◆ **Data below**
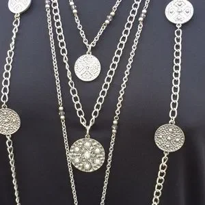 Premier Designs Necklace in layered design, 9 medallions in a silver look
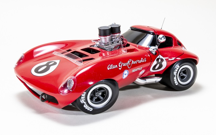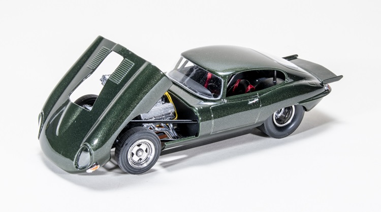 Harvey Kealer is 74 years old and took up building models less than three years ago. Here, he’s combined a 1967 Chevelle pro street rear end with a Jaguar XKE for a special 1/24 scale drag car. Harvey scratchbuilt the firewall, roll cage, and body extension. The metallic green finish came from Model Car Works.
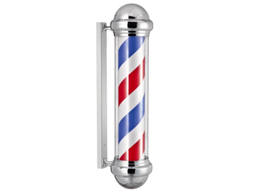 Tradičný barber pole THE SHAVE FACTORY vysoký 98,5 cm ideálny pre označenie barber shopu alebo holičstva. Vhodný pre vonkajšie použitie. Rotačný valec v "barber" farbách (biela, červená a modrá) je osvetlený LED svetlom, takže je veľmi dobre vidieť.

◆ **Problem description**
Copy the listing above verbatim, leaving out pictures.

◆ **Answer to this task**
 Premier Designs Necklace in layered design, 9 medallions in a silver look
 Harvey Kealer is 74 years old and took up building models less than three years ago. Here, he’s combined a 1967 Chevelle pro street rear end with a Jaguar XKE for a special 1/24 scale drag car. Harvey scratchbuilt the firewall, roll cage, and body extension. The metallic green finish came from Model Car Works.
 Tradičný barber pole THE SHAVE FACTORY vysoký 98,5 cm ideálny pre označenie barber shopu alebo holičstva. Vhodný pre vonkajšie použitie. Rotačný valec v "barber" farbách (biela, červená a modrá) je osvetlený LED svetlom, takže je veľmi dobre vidieť.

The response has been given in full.